I was able to practice my talk moves to some degree, but this artificial scenario was less than ideal. I wish I had a video of the lesson so I could target exactly which questions I asked. In the explore phase of the lesson my questions were generally met with speculation about student strategies, not answers as students might give them. That was great for us all to think through the task together, but it interrupted the flow of responses you'd expect with talk moves in a more typical classroom scenario.

The discussion in the summarize phase was pretty good. Not only did we compare strategies and connect ideas in the way I anticipated, there was a welcome amount of analysis of the task itself and the different layers of ambiguity in how the data was presented. For example, we don't know if the jumps all represent different jumpers, or if the jumps represent jumps in one vs. multiple competitions. We generally agreed that some amount of ambiguity would be good when using this task in a classroom, particularly to hit the "make sense of problems" part of SMP #1.

### Math "Self Check"

As part of the reflection I collected data in the form of a "self-check," created in the style of "practical measures" that we've used in our research projects. In hindsight, this data doesn't focus much on my choice of teaching practice (facilitating meaningful discourse), but I like the idea of asking students for feedback that go beyond mastery of content.

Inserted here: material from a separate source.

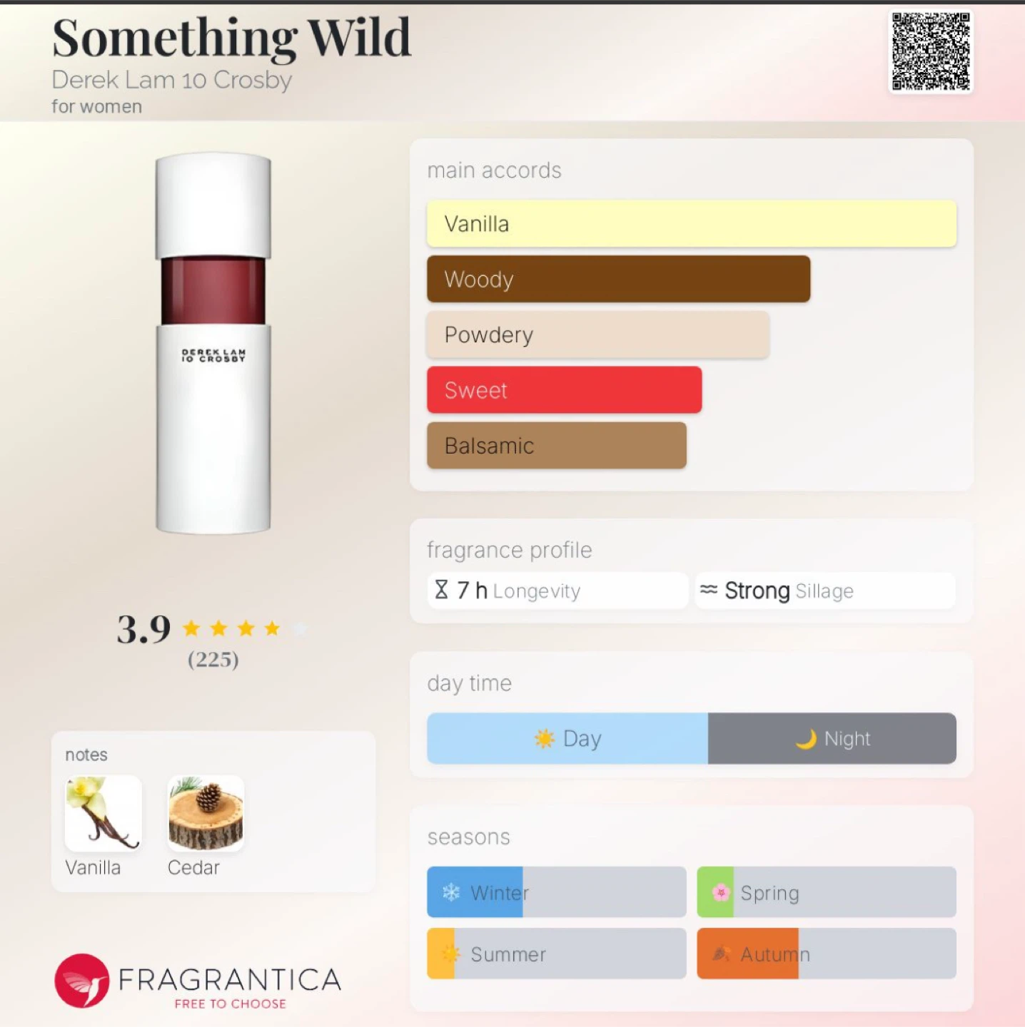 Selling a Derek Lam 10 Crosby Something Wild Eau de Parfum. It comes in a 50mL - 1.7 fl.oz size and has vanilla and cedar notes. The main accords are vanilla, woody, powdery, sweet, and balsamic. It's perfect for day or night, and suitable for any season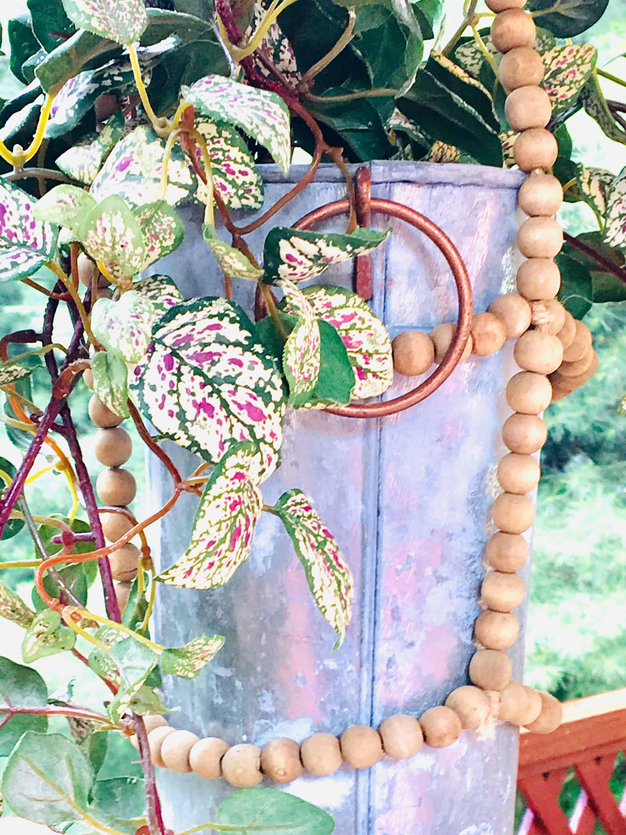This is a beaded holder that is supposed to be used for a different shape but I made it work with this fifty cent mental bucket and a dollar’s worth of garage sale greenery.

Here are the questions I had "students" (ASAS Institute participants) answer using Google Forms:

1. Today in math class, I felt... (check all that apply):

☐ Excited
☐ Confused
☐ Confident
☐ Like a mathematician
☐ Bored
☐ None of the above

2. Today I... (check all that apply):

☐ Persisted to make sense of a problem and solved it
☐ Reasoned with something complex by using numbers and symbols
☐ Constructed an argument and/or critiqued the reasoning of a classmate
☐ Described or predicted something about the world using math
☐ Made thoughtful choices about tools to help me solve a problem
☐ Was precise in my work and in how I described it to others
☐ Figured something out based on a pattern or structure
☐ Generalized a solution strategy after thinking about multiple examples

3. What we did or learned about in class today is useful.

• Yes
• No
• Not sure

4. What we did or learned about in class today... (check all that apply):

☐ Matters to me
☐ Matters to the class
☐ Matters to the community
☐ None of the above

5. Talking about our ideas today helped me improve my thinking.

• Yes
• No
• Not sure

6. On the scale below, what best describes how you learned today?

• 1 The teacher told us everything we needed to learn
• 2
• 3
• 4
• 5 We figured most things out on our own that we needed to learn

7. What other thoughts do you have about today? (optional)

The responses are a bit difficult to interpret because I'm not sure how many participants responded as teachers versus the students they were sort-of-pretending to be. The results seem mostly positive, and I agree with the very last comment: While the task had reach across many grade levels, first grade was too much of a stretch.

References
Schwartz, D. L., & Martin, T. (2004). Inventing to prepare for future learning: The hidden efficiency of encouraging original student production in statistics instruction. Cognition and Instruction, 22(2), 129–184. http://doi.org/10.1207/s1532690xci2202_1

Smith, M. S., & Stein, M. K. (1998). Reflections on practice: Selecting and creating mathematical tasks: From research to practice. Mathematics Teaching in the Middle School, 3(5), 344–350.